Monday, October 12, 2015

Beginning Apache Kafka with VirtualBox Ubuntu server & Windows Java Kafka client

After reading a few articles like this one demonstarting significant performance advantages of Kafa message brokers vs older RabbitMQ and AtciveMQ solutions I decided to give Kafka a try with the new project I am currently playing with.

The documentation shows quite a simple initial picture, which quite the same for all the messaging systems:
The things getting more interesting with partitioned topics
where Producers have to select to which partition they write at each time.

Kafka adds new Consumer Group concept.
Consumers in the same group are granted to work in queuing mode, i.e. the message delivered to consumer A in this group won't be delivered to consumer B in the same group. The same message is "broadcasted" to different consumers groups.
And this quote came to me quite surprising:
Kafka is able to provide both ordering guarantees and load balancing over a pool of consumer processes. This is achieved by assigning the partitions in the topic to the consumers in the consumer group so that each partition is consumed by exactly one consumer in the group. By doing this we ensure that the consumer is the only reader of that partition and consumes the data in order. Since there are many partitions this still balances the load over many consumer instances. Note however that there cannot be more consumer instances than partitions.

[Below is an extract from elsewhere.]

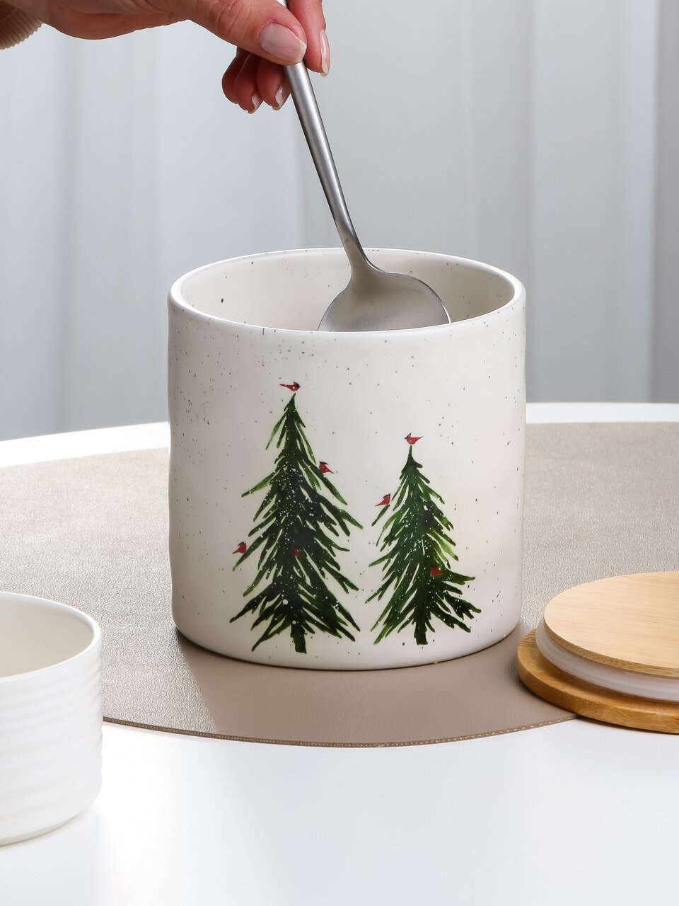 Банка для сыпучих продуктов 1 л с крышкой из бамбука — идеальный выбор для хранения сахара, соли, специй, орехов и других ингредиентов. Благодаря натуральной керамике, продукты не впитывают посторонние запахи и дольше остаются свежими. Бамбуковая крышка с силиконовым уплотнителем плотно закрывается, защищая содержимое от влаги и насекомых. Если вы ищете, как выбрать удобную и красивую банку для хранения круп или что лучше для подарка на Новый год — этот вариант сочетает экологичность, долговечность и праздничный декор.

One partition = one consumer, # partitions >= # consumers.
And this is because the order of messages is granted within a partition, but not at the topic level. So actually a partition is kind of a "unique single consumer [sub]topic".

Knowning  that Kafka was initially developed at LinkedIn it is actually not that surprising -

The original use case for Kafka was to be able to rebuild a user activity tracking pipeline as a set of real-time publish-subscribe feeds. This means site activity (page views, searches, or other actions users may take) is published to central topics with one topic per activity type.

Kafka FAQ says on that:
How do I choose the number of partitions for a topic?
There isn't really a right answer, we expose this as an option because it is a tradeoff. The simple answer is that the partition count determines the maximum consumer parallelism and so you should set a partition count based on the maximum consumer parallelism you would expect to need (i.e. over-provision). Clusters with up to 10k total partitions are quite workable. Beyond that we don't aggressively test (it should work, but we can't guarantee it).
Here is a more complete list of tradeoffs to consider:
  • A partition is basically a directory of log files.
  • Each partition must fit entirely on one machine. So if you have only one partition in your topic you cannot scale your write rate or retention beyond the capability of a single machine. If you have 1000 partitions you could potentially use 1000 machines.
  • Each partition is totally ordered. If you want a total order over all writes you probably want to have just one partition.
  • Each partition is not consumed by more than one consumer thread/process in each consumer group. This allows to have each process consume in a single threaded fashion to guarantee ordering to the consumer within the partition (if we split up a partition of ordered messages and handed them out to multiple consumers even though the messages were stored in order they would be processed out of order at times).
  • Many partitions can be consumed by a single process, though. So you can have 1000 partitions all consumed by a single process.
  • Another way to say the above is that the partition count is a bound on the maximum consumer parallelism.
  • More partitions will mean more files and hence can lead to smaller writes if you don't have enough memory to properly buffer the writes and coalesce them into larger writes
  • Each partition corresponds to several znodes in zookeeper. Zookeeper keeps everything in memory so this can eventually get out of hand.
  • More partitions means longer leader fail-over time. Each partition can be handled quickly (milliseconds) but with thousands of partitions this can add up.
  • When we checkpoint the consumer position we store one offset per partition so the more partitions the more expensive the position checkpoint is.
  • It is possible to later expand the number of partitions BUT when we do so we do not attempt to reorganize the data in the topic. So if you are depending on key-based semantic partitioning in your processing you will have to manually copy data from the old low partition topic to a new higher partition topic if you later need to expand.
Kafka invests a great deal of energy in keeping the messages ordered exactly like they were sent out by producers. It looks like if your system is not sensitive to the exact order of the messages (e.g. handles some events, and it does not care too much about which event came before because they anyway got their own timestamps) Kafka could introduce unnecessary complexity compared to traditional message brokers. From the other hand, Kafa excels in managing high TPS volumes, so if you plan to run more than e.g. 5K msg/sec you probably have no choice but stick to Kafka.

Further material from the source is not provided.